Further, the low-temperature fired wiring board has a low resistance of a wiring layer and a low dielectric constant and a low dielectric loss of an insulating substrate. Applications to various fields such as personal handy phone systems and high-frequency multilayer wiring boards used for various satellite communications are being promoted.

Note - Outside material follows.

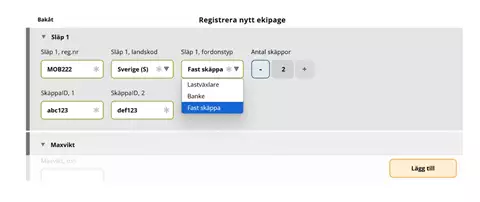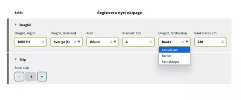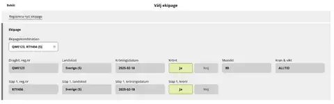 Valet är inte synligt per automatik men finns under fältet Ekipage. Förvalt värde är alltid Nej.
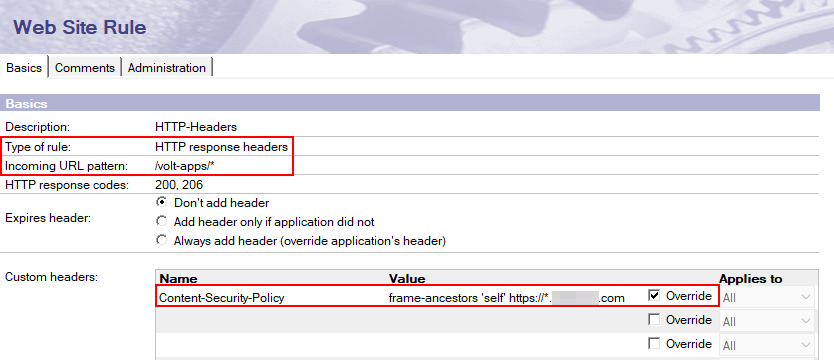 Setting Value: frame-ancestors 'self' https://*.domain.com

As a low-resistance wiring layer used for a low-temperature fired wiring board, the use of a gold-based material is limited due to the problem of high cost and the use of a silver-based material due to problems such as migration. Although the baking process needs to be performed in a nitrogen atmosphere, the copper-based material is a material for forming the wiring layer because it can sufficiently meet the demands for higher density of the wiring board and higher frequency of the circuit in the wiring board. Has become mainstream.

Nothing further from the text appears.